COLLECTED MATERIAL:
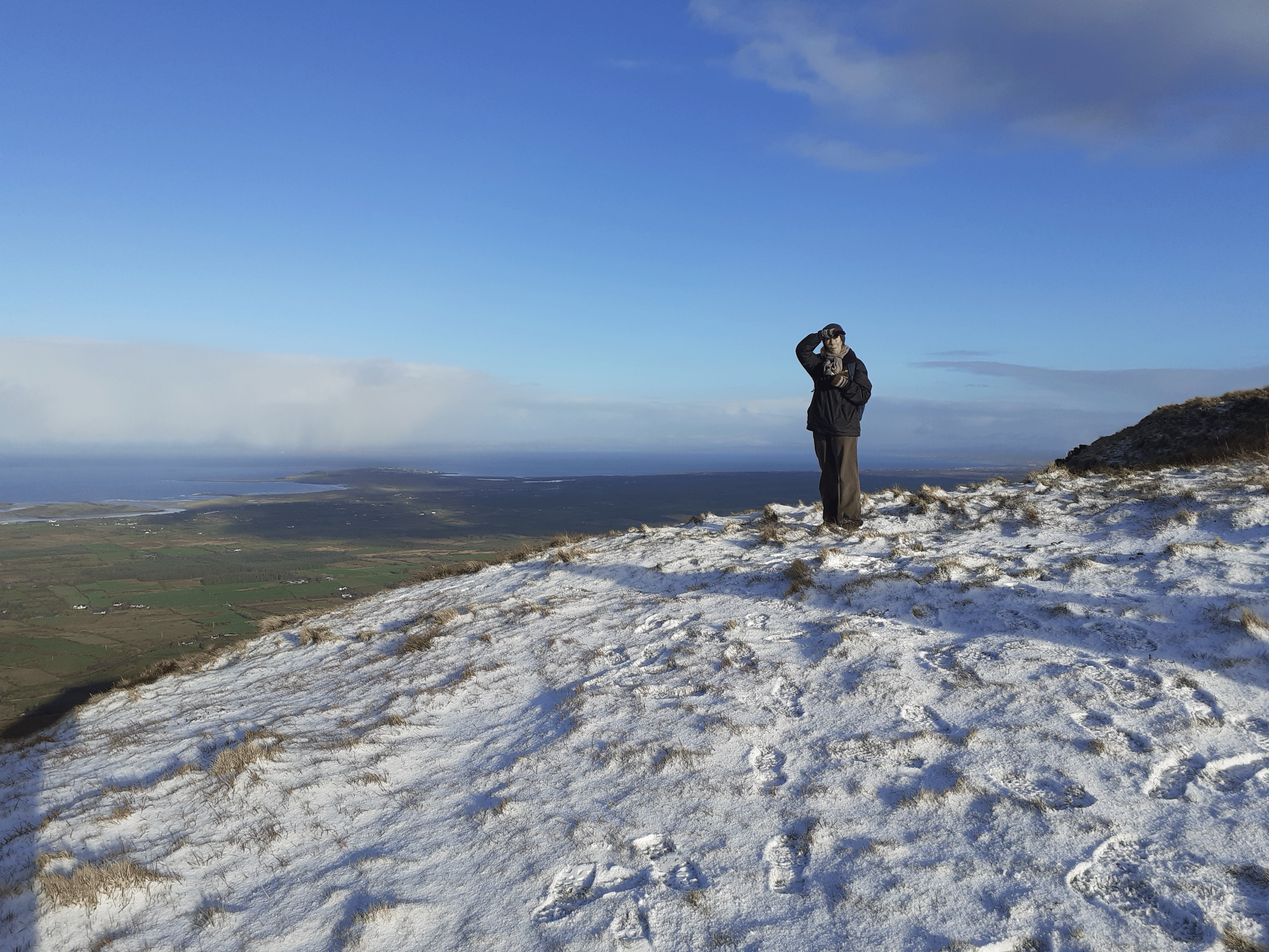As we reached the end point of Benbulben, by some divine intervention, the skies cleared, turning bright blue. Thankfully, the blizzard had blown through as David, our guide, had promised it would. The sun had come out. And yes, there were views! Views that looked out to the sea, the Sligo coastline, Mullaghmore and Streedagh bays, Slieve League (Ireland’s tallest sea cliffs in the distance). Like my fellow hikers, I was buzzing. To be so high up. To have such 360 degree views. I ate a mars bar and felt the warmth of the sun on my face. I was thawing out nicely.
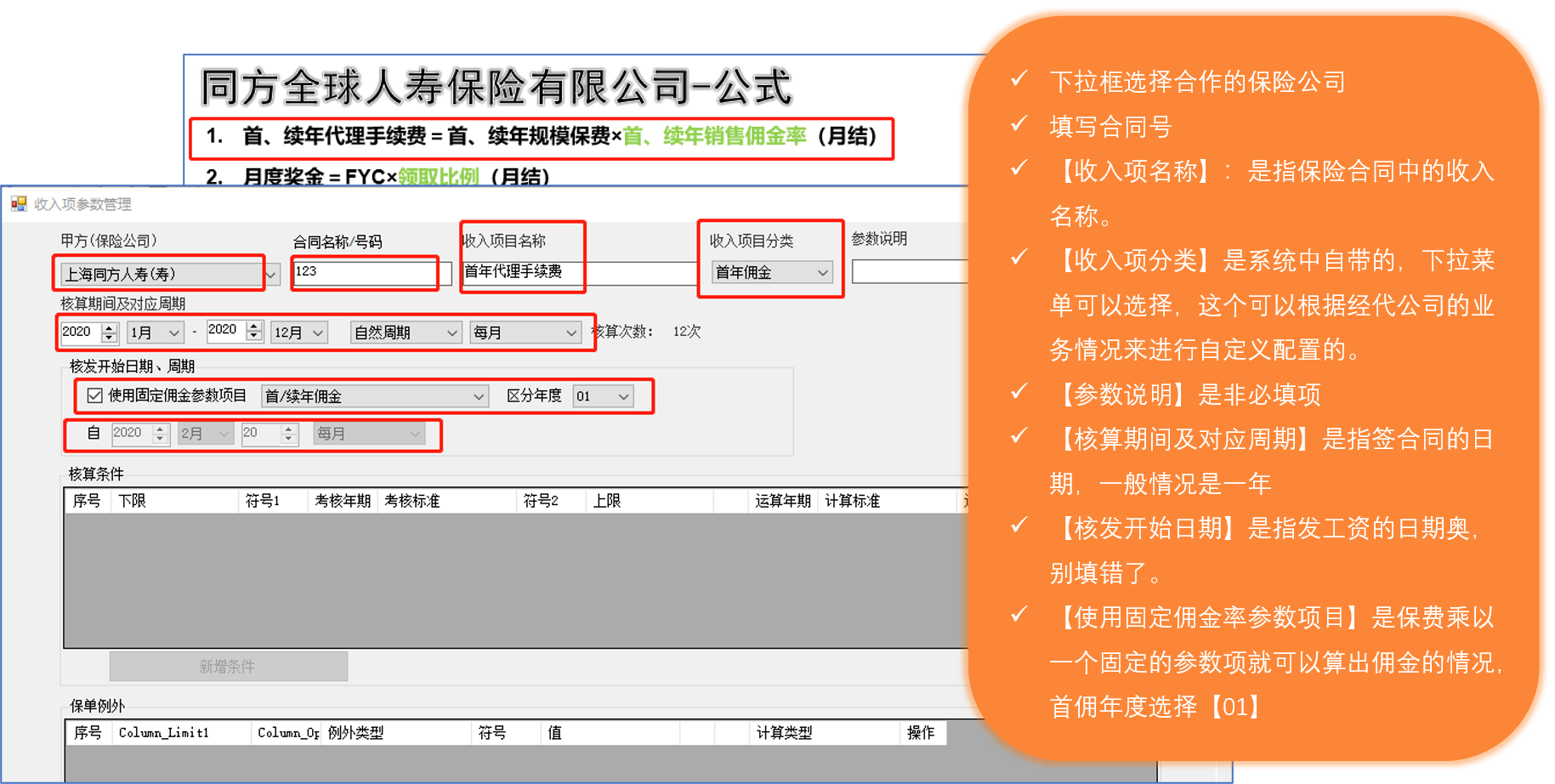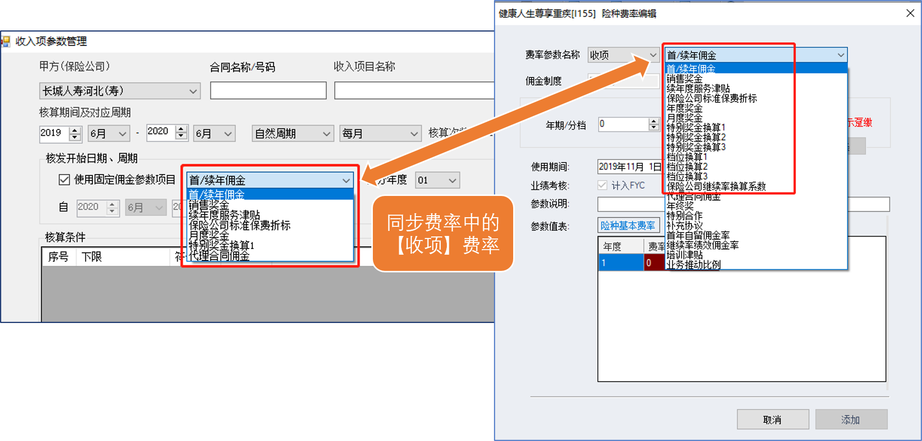【收入项参数管理】:根据保险公司与经代公司签订的代理合同,将用复杂公式计算的佣金项目转化为简易公式进行维护管理。
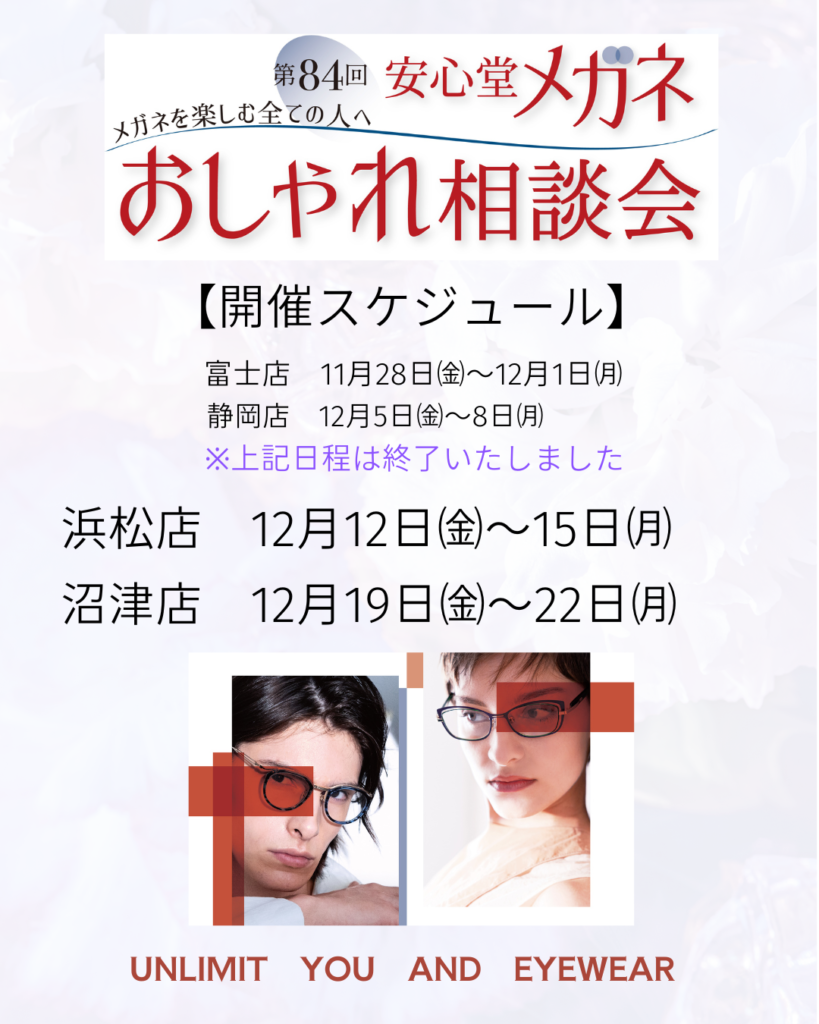 安心堂沼津店では、12/19(金)よりメガネおしゃれ相談会を開催いたします✨

DIRECTIONS FOR THIS TASK:
The data is to be printed again exactly, but without its pictures.

ANSWER SPACE:
As we reached the end point of Benbulben, by some divine intervention, the skies cleared, turning bright blue. Thankfully, the blizzard had blown through as David, our guide, had promised it would. The sun had come out. And yes, there were views! Views that looked out to the sea, the Sligo coastline, Mullaghmore and Streedagh bays, Slieve League (Ireland’s tallest sea cliffs in the distance). Like my fellow hikers, I was buzzing. To be so high up. To have such 360 degree views. I ate a mars bar and felt the warmth of the sun on my face. I was thawing out nicely.
【收入项参数管理】:根据保险公司与经代公司签订的代理合同,将用复杂公式计算的佣金项目转化为简易公式进行维护管理。
 安心堂沼津店では、12/19(金)よりメガネおしゃれ相談会を開催いたします✨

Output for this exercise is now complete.